Şehrin yoğun nüfuslu mahallelerinden birinde yine HTŞ elemanlarının hızla bir noktaya intikal ettiğini izliyoruz. Bir şüpheliyi yakalayan HTŞ’liler gelmeden önce bu kişi mahalledekiler tarafından da dövülmüşe benziyor. Balkona çıkan iki kadın, bu kişinin “Şebbiha” olduğunu söyleyerek bağırıyor. Şebbiha, Suriye ordusuyla eşgüdümlü hareket eden Esad yanlısı milislere verilen genel isim.
Şebbiha’ların Esad yönetiminin “kirli işlerini” yapan gizli bir milis gücü olduğu kanısı hakim. Yakalanan kişi de bu milislerden olmakla suçlanıyor.
HTŞ komutanı Abu Ayoub, kentteki durumun “karmaşık” olduğunu kabul ediyor.
Yaşadıklarını anlatan Nur’a dönerek, “Biz şimdi buradayız, ordu çekildiğinde burada değildik, Şam’daydık. Sonra gelebildik. Evinize gelenler haydut, onları çıkaracağız. Eşyalarınızı geri vereceğiz. Sözümüz söz” diyor ve adamlarını alıp olay yerinden ayrılıyor.
Lazkiye isyancıların kontrolüne geçtikten sonra farklı mezheplerden birçok kişi Esad yönetiminin devrilmesini kutlamak için sokaklara çıktı. Beşar Esad’ın babası, ülkeyi 2000 yılından önce 29 yıl yöneten Hafız Esad’ın heykelini yıkarak, isyancıların bayraklarını salladılar.
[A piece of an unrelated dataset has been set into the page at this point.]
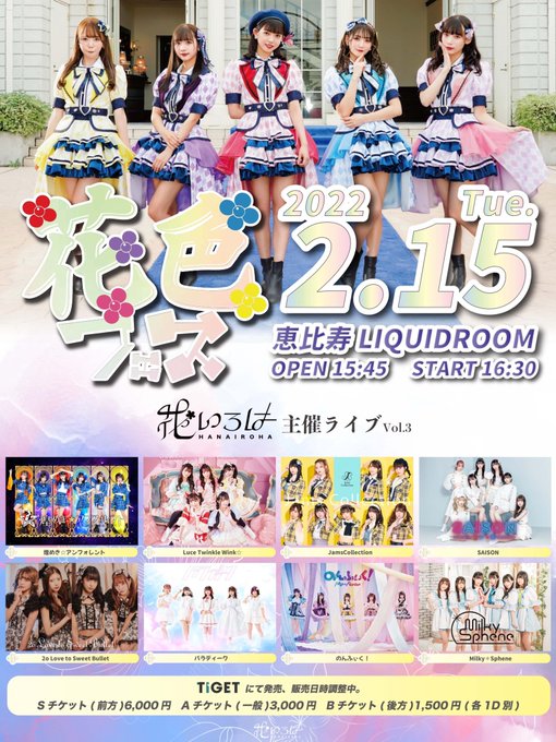 岡田彩花@ayaka_o1106 -- 2月15日のライブ詳細✨みんな確認よろしくです🔥 twitter.com/saison_idol/st… SAISON 2022年2月15日(火) ■『 花いろは主催ライブ「花色フェス vol.3」』 ■会場 恵比寿 LIQUIDROOM (東京都渋谷区東3-16-6) ■時間 開場15:45 開演16:30 ■料金 Sチケット(前方席)6,000円 Aチケット(一般)3,000円 Bチケット(後方) 1,500円 (各1D別) ■販売 TIGET 調整中 pic.twitter.com/AdXIMgufg2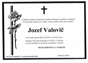 S hlbokým žiaľom oznamujeme, že dňa 22.8.2020 nás vo veku 94 rokov navždy opustil náš spoluobčan pán Jozef Valovič.

İsyancıların bir kısmı da mezhep ayrımı olmadan birlik içinde yaşayacakları mesajını vermeye çalışıyor. Ancak önceki rejimin söylemlerinden birisi olan “iktidarı kaybederlerse Alevilerin katledilebileceği” düşüncesi de etkisini sürdürüyor.
İsyancıların üç kırmızı yıldızlı yeni Suriye bayrağı, kentteki dükkanlarda ve bazı balkonlarda asılı. Ancak Alevi mahallelerinin sakinleri, konvoyları sessizlikle izliyor. Bu mahallelerde yeni bayrağı daha az görüyoruz.
HTŞ güvenlik görevlilerinden 28 yaşındaki Azal el-Ali, baskıcı bir rejim sonrası insanların güvenlerini kazanmanın zaman alacağını söylüyor:
” Güvenlik güçlerine bir takım şikayetlerini anlatanlar arasında Sünniler de var Aleviler de. Biz ayrım yapmıyoruz. Eski rejimin bu insanlara bıraktığı aşırı yoksulluk, buradaki karmaşanın asıl nedeni.”
HTŞ üyesi, Alevilerin de önceki rejimin mağdurları olduğunu ileri sürüyor.
Ardından bir kez daha beş HTŞ militanıyla Nur’un evine gidiyoruz.
Kapıyı çalıyorlar, ancak içeriden sesi gelen bir kadın kapıyı açmayı reddediyor. Kadın ikna ediliyor ve kapı açılıyor. Kadının ve ailesinin bu evi terk etmesi isteniyor. Evin asıl sahibi Nur içeri giriyor, bazı kıyafetleri ve kızının ders kitaplarını alıyor. İçeride bulunan isyancı gruba ait silahlar ve cephaneliğe el konuyor.
Nur, HTŞ’ye bugün şikayet için gittiğinde korktuğunu, ancak iyi davrandıklarını söylüyor. Ancak bir daha bu daireye dönmeyeceğini de ekliyor.
Suriye için bir kabusun bittiğini ancak Aleviler için bir başka kabusun başladığını söylüyor:
“Artık bu evde yaşamam imkansız. Umudum var, ama yakın gelecek için değil. Şu anda cesaretim yok.”